(concurring in part/dissenting in part):
I agree with the principal opinion’s determination, in Part A that the offense alleged in Specification 1 was service connected, and, therefore, triable by court-martial; however, I disagree with the conclusion that the requisite connection does not exist as to Specification 5. Examining the relationship between Monhollen and the accused, the Court of Military Review found that their “course of conduct” established a direct and continuous connection between the events that resulted in Specification 1 and those that led to Specification 5. I agree with that view, and with the court’s determination that the connection justified the exercise of court-martial jurisdiction over Specification 5, as well as Specification 1. See also my separate opinion in United States v. Roberts, 4 M.J. 91 (C.M.A.1977).
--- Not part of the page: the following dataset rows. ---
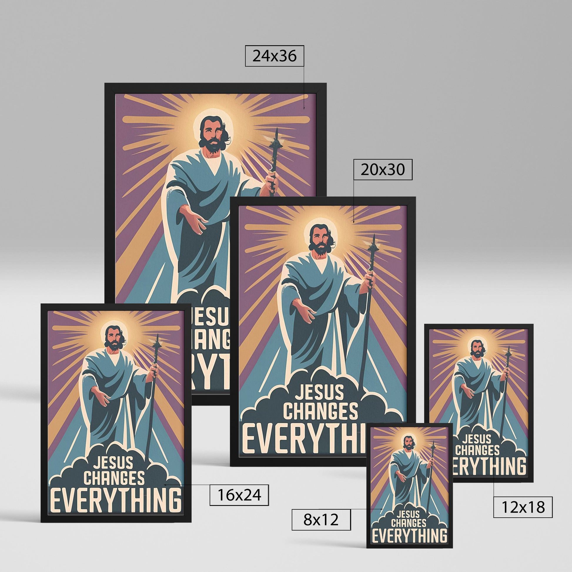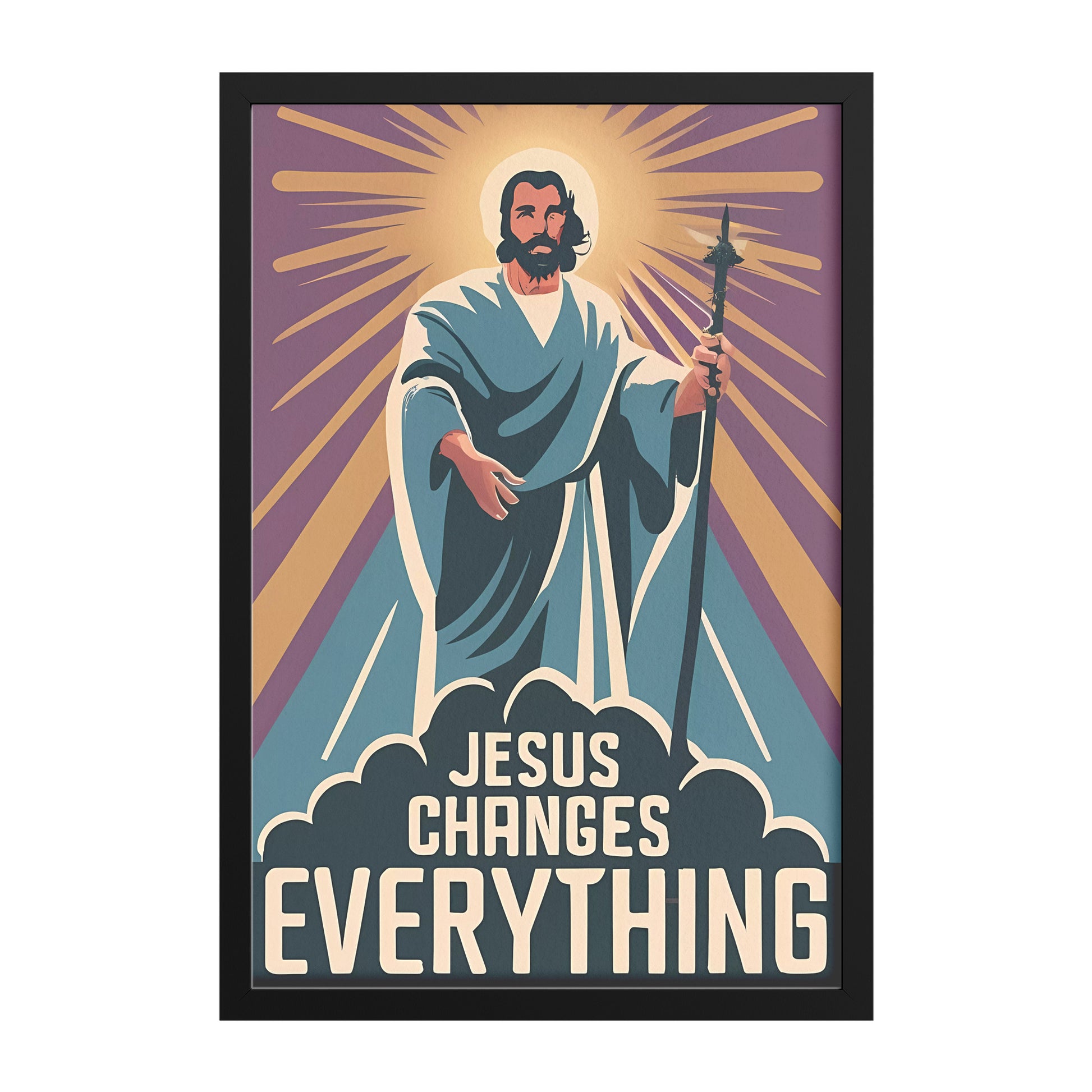 Prepare to be transformed by the profound message of divine illumination, unwavering hope, and unwavering faith with our "Jesus Changes Everything Retro Style Framed Poster." This captivating artwork isn't just a visual delight; it's a reminder that the presence of Jesus brings light to even the darkest corners of our lives, echoing the profound truth: "Jesus changes everything."
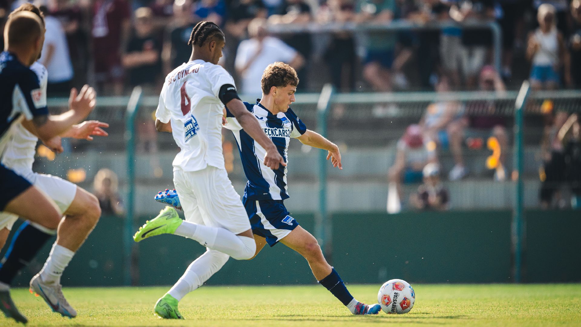 헤르타 BSC가 어제, 슈포트포룸 호헨쇤하우젠에서 열린 BFC 뒤나모와 친선 경기에 6 대 0(전반 종료 시점에는 1 대 0)으로 이겼습니다. 2025-26년 한 해 농사를 준비하며 치른 두 번째 시합, 두 번째 승리입니다. 마텐 빙클러가 두 골을 넣었고, '비공식' 데뷔전에 나선 모리스 크라텐마허(FC 바이에른 뮌헨에 적을 둔 채로 최근, 슈프레아테너와 일 년간 유효한 임대 계약을 맺었습니다.)도 한 골과 한 개 도움을 신고, 강렬한 인상을 남겼습니다. 요운 다구르 소르스테인손도 두 골을 넣었습니다. 경기 결과에 연연할 단계는 아니라지만, 선수들이 신체적으로나 정신적으로 무장하면서 기분 좋은 에너지를 발산하려면, 아무래도 웃는 편이 낫습니다. 단, 예상치 못한 손실도 있었습니다. 경기 시작 삼십여 분 전, 몸을 풀던 파스칼 클레멘스가 오른쪽 발목을 접질려서 주변 도움을 받아 잔디 위를 벗어났습니다. 일찍이 슈테판 라이틀 감독은 최종 방어선에 클레멘스와 존 앤서니 브룩스, 다르더이 마르톤의 선발 출격을 예고했는데, 클레멘스가 갑작스레 경기장에 설 수 없는 상황을 맞았으니, 리누스 게히터를 그 대신 세울 수밖에 없었습니다. 클레멘스는 한동안 침울한 표정으로 고개를 저을 뿐이었습니다. 한데, 시 동쪽으로 원정을 떠난 베를린 노파의 불운은 여기서 끝이 아니었습니다. 전반 13분경, 브룩스가 종아리에 찌르는 듯한 통증을 느껴, 손을 들고 직접 교체를 요청했습니다(곧, 토니 라이스트너가 그를 대신했습니다.). 그는 상대 중앙 수비수, 토비아스 군테가 길게 공을 찰 때, 자기 앞으로 침투하는 자말 로게로를 막으려고 몸을 움직이다가 깽깽이걸음을 시작했습니다(군테가 찬 공은 너무 멀리 날아서 로게로의 움직임과 관계없이, 그대로 데니스 스마시 골키퍼 품에 안겼습니다.). 지난해 준비 기간에는 훈련 도중 발목을 심하게 다쳐서 일 년을 쉰 그인데, 오랜 기다림 끝에 복귀한 지 단 두 경기 만에 '또' 쓰러지고 말았습니다. 동료와 교대할 정도는 아니었지만, 브룩스가 다치고 십 분 정도 흐른 뒤에는 레온 옌젠의 얼굴에서 피가 흐르기도 했습니다. 래리나나 욀러스가 공과 관련 없는 상황에서 손을 크게 쓰는 바람에 긁혔습니다. BFC 뒤나모 선수들의 거친 행동에 감정이 다소 올라와 있던 헤르타 BSC 선수들이 화를 표출하면서 잠시 충돌이 빚어졌습니다. 일 년 전, 파비안 레제와 케빈 제사가 친선 경기 중에 다쳐서 소중한 시간을 놓쳤고, 올해도 이미 마리우스 게어스베크(어깨 수술)와 루카 슐러(엉덩이 근육 부상), 데요바이시오 제이파위크, 파울 제구인(이상 종아리 부상), 팀 골러(어깨 부상) 등이 '부상자 명단'에 이름을 올린 헤르타 BSC입니다. 클레멘스와 브룩스까지 더해진 상황, 체력적으로 준비하고, 전술적인 틀을 확립하면서도 선수들이 최고의 몸 상태로 시즌에 들어갈 수 있도록 각별한 주의와 약간의 운이 필요합니다.
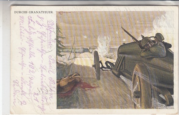 Auto Militär Soldaten Durchs Granatfeuer Feldpoststempel 1.WK 1915
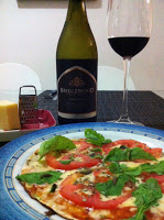 Como nós andamos numa eterna dieta aqui em casa, resolvemos preparar uma versão “mais light” de pizza, feita na frigideira, com um vinho igualmente leve: um Pinot Noir californiano.

As to Part C of the principal opinion, I do not share the suspicion implied in the characterization of Monhollen’s removal from the area of the incidents as a “curious transfer.” Monhollen was transferred because the authorities had received information as to threats against him, which they “definitely” believed. I see nothing in the record that hints at any purpose to defeat or impair a defense effort, before trial, to subject Monhollen to examination under oath. I agree that the accused is entitled to no relief under this assignment of alleged error.
Turning to Part B, it is incomprehensible to me how the government’s compliance *290with the command of Article 54,1 that an authenticated copy of the “record of [trial] be given to the accused” can be turned into error prejudicial to the accused.
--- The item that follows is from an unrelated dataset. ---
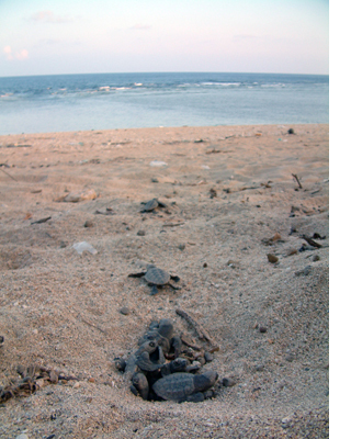 5)孵化直後の活発に前肢をバタバタさせる(フレンジー)時期を逃すと、遊泳力が低下し、速やかに沖に出ることができなくなってしまいます。
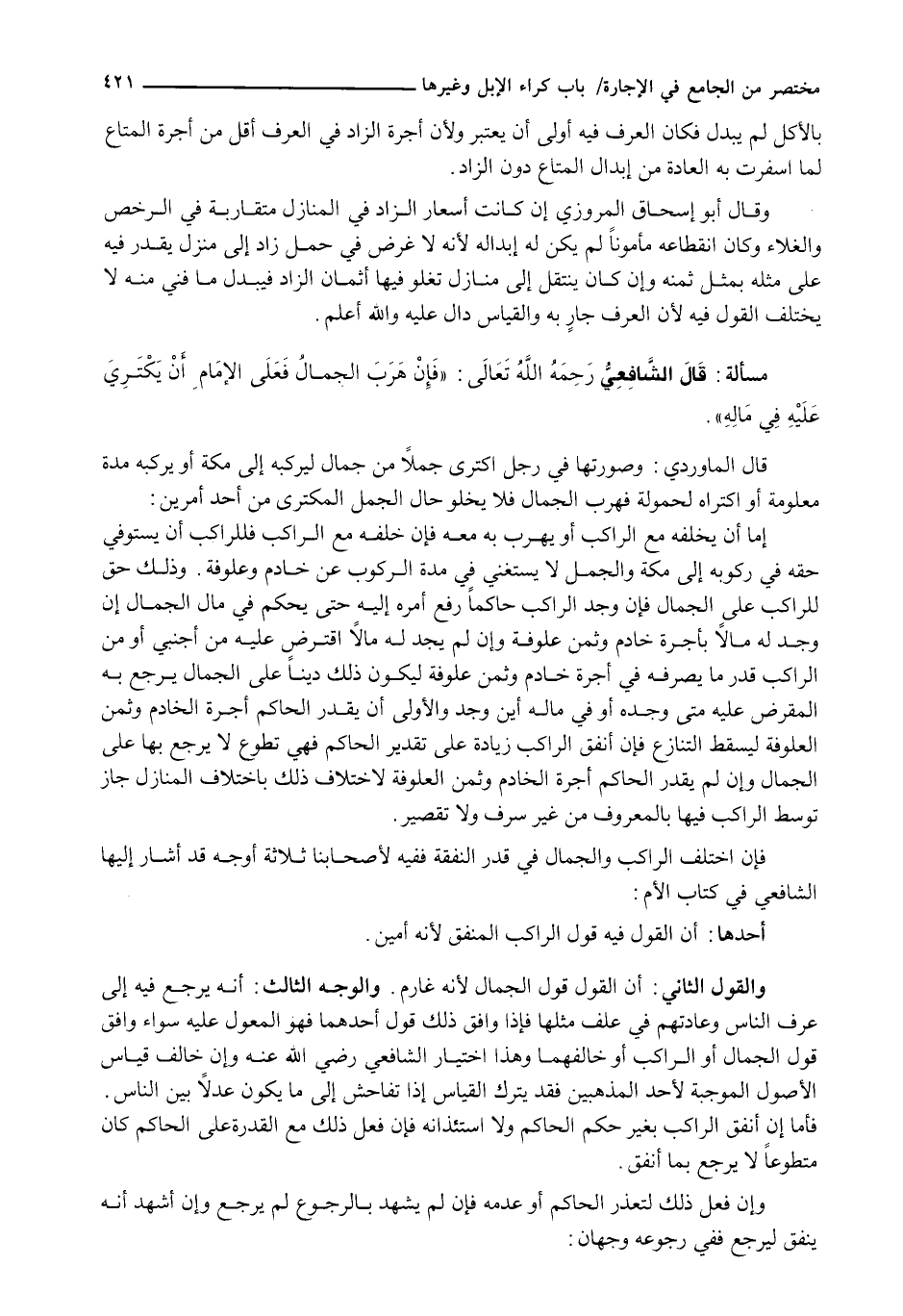 وَالْقَوْلُ الثَّانِي: أَنَّ الْقَوْلَ قَوْلُ الْجَمَّالِ لِأَنَّهُ غَارِمٌ. وَالْوَجْهُ الثَّالِثُ: أَنَّهُ يَرْجِعُ فِيهِ إِلَى عُرْفِ النَّاسِ وَعَادَتِهِمْ فِي عَلَفٍ مِثْلِهَا فَإِذَا وَافَقَ ذَلِكَ قَوْلَ أَحَدِهِمَا فَهُوَ الْمُعَوَّلُ عَلَيْهِ سَوَاءٌ وَافَقَ قَوْلَ الْجَمَّالِ أَوِ الرَّاكِبِ أَوْ خَالَفَهُمَا وَهَذَا اخْتِيَارُ الشَّافِعِيِّ رَضِيَ اللَّهُ عَنْهُ وَإِنْ خَالَفَ قِيَاسَ الْأُصُولِ الْمُوجِبَةِ لِأَحَدِ الْمَذْهَبَيْنِ فَقَدْ يُتْرَكُ الْقِيَاسُ إِذَا تَفَاحَشَ إِلَى مَا يَكُونُ عَدْلًا بَيْنَ النَّاسِ. فَأَمَّا إِنْ أَنْفَقَ الرَّاكِبُ بِغَيْرِ حُكْمِ الْحَاكِمِ وَلَا اسْتِئْذَانِهِ فَإِنْ فَعَلَ ذَلِكَ مَعَ الْقُدْرَةِ عَلَى الْحَاكِمِ كَانَ مُتَطَوِّعًا لَا يَرْجِعُ بِمَا أَنْفَقَ.

United States v. Cruz-Rijos, 1 M.J. 429 (C.M.A.1976), provides no support for the majority’s decision. On the contrary, in order to meet the time limitations imposed by United States v. Goode, 1 M.J. 3 (C.M.A. 1975), this Court enlarged on Article 54 to authorize service of the transcript of trial on the defense counsel, as an alternative to service on the accused, whenever the accused was not within the court-martial command reviewing the record of his conviction. The authorization was not postulated as a command that service upon counsel absolutely replace service upon the accused. I certainly did not understand the opinion to mandate such substitution; it could not do so without violating Article 54.
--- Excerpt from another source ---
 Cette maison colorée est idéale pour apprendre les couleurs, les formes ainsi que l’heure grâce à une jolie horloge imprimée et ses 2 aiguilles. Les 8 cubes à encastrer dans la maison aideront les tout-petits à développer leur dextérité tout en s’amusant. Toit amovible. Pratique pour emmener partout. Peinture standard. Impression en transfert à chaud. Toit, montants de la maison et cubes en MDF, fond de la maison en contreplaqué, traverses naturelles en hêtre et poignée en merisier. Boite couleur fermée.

The accused does not contend he was not served an authenticated copy of the record of trial. The Court-martial Data Sheet (DD Form 494, 1 June 1970), which accompanies the record of the court-martial proceedings, shows the “Yes” column checked by both trial counsel and the staff judge advocate in regard to the question, “Was each accused furnished a copy of the record (para. 82g(l) & 83, A9-2 [MCM 1969)].” Thus, the record demonstrates the accused was served with the transcript of trial. I believe it was then the duty of defense counsel to obtain that record from the accused. For myself, therefore, I reject the notion that defense counsel’s failure to act can be alchemized into government misconduct.2
In any event, I perceive no risk of prejudice to the accused in what happened. At best, defense counsel’s lack of possession of the record relates to the question of the effect of his failure to object to the adequacy of the staff judge advocate’s post-trial advice. United States v. Goode, supra. The record has been available to appellate defense counsel through two appeals to the Court of Military Review. Yet, there has never been any assertion that matter in the record should have been, but was not, brought to the attention of the reviewing authority by the staff judge advocate. There was, however, full ventilation of the factors relating to sentence. The actions by this Court and the Court of Military Review have now removed any possibility of prejudice from an inadequate review. I, therefore, see no useful purpose in providing another opportunity to trial defense counsel to comment on the staff judge advocate’s review.
I would affirm the decision of the United States Air Force Court of Military Review.
. Uniform Code of Military Justice, 10 U.S.C. § 854.
. A message, dated February 7, 1977, from defense counsel to the staff judge advocate of the 22nd Air Force, the reviewing authority whose action is in issue on this appeal, contains a representation that counsel had “not been provided a copy of the record of trial.” However, a writing titled “Memorandum for Record of Trial— UNITED STATES V. CRUZ, JOSE J.” signed by the general officer who was the staff judge advocate of the Strategic Air Command at the time that command had the accused’s case for review, indicates that a copy of the record of trial was forwarded to defense counsel on August 6, 1976, and that “we have been advised that the copy of the record was received 16 August 1976.” The difference between the two documents and the admission of defense counsel, in the message sent to the 22nd Air Force, and his “memory [of the case] had faded” raises the distinct possibility that defense counsel had simply forgotten that he had received the record of trial at some time, although that may have been after the convening authority had completed his review.